■ Goal of the exercise
Starting at the line that holds "Ready for the" and stopping at the line that holds "Meng alle ingrediënten", restate the records below word for word, with both of those lines included.

-- Material provided follows --

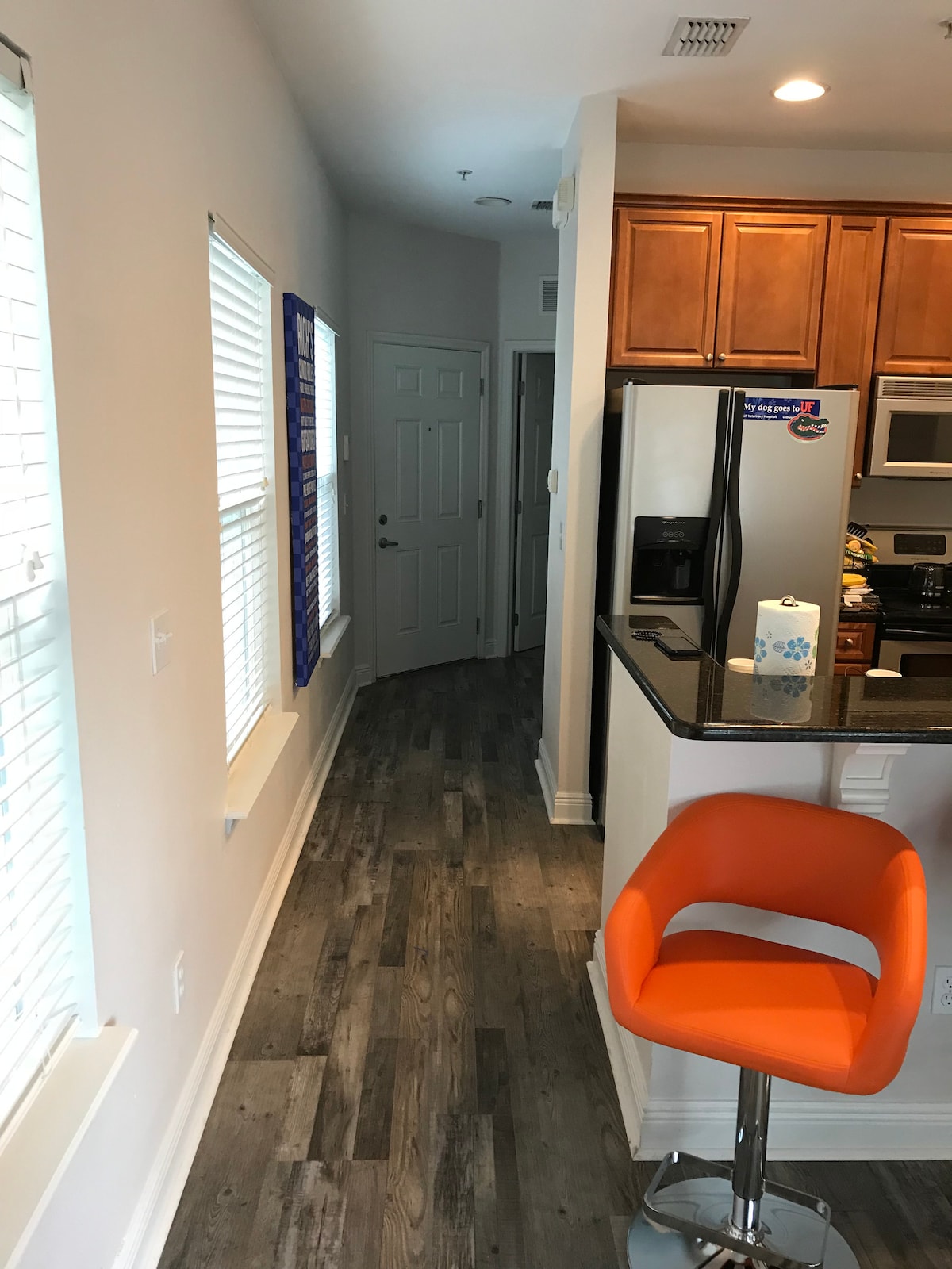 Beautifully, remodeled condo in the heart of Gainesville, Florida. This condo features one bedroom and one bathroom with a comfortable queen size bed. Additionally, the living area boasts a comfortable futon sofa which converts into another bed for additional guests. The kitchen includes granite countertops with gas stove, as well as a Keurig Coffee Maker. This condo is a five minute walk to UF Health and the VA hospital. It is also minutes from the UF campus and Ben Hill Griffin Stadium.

-- Material provided concluded --
-- Material provided follows --

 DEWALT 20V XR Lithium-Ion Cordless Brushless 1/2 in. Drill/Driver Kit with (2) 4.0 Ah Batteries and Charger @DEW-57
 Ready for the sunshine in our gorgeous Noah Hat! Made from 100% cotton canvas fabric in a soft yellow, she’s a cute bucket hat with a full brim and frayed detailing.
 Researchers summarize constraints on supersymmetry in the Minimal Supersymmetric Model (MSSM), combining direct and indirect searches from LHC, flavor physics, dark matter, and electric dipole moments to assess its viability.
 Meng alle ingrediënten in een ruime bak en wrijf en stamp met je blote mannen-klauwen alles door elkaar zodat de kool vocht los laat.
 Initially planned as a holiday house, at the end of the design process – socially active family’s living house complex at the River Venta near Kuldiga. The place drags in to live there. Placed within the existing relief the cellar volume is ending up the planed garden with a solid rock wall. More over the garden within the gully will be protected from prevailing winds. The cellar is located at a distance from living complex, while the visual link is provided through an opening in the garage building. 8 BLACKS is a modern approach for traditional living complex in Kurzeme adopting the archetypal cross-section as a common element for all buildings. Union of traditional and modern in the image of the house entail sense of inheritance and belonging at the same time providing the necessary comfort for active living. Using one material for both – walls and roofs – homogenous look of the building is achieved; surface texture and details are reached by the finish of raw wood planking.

-- Material provided concluded --

■ Solution to this problem
 Ready for the sunshine in our gorgeous Noah Hat! Made from 100% cotton canvas fabric in a soft yellow, she’s a cute bucket hat with a full brim and frayed detailing.
 Researchers summarize constraints on supersymmetry in the Minimal Supersymmetric Model (MSSM), combining direct and indirect searches from LHC, flavor physics, dark matter, and electric dipole moments to assess its viability.
 Meng alle ingrediënten in een ruime bak en wrijf en stamp met je blote mannen-klauwen alles door elkaar zodat de kool vocht los laat.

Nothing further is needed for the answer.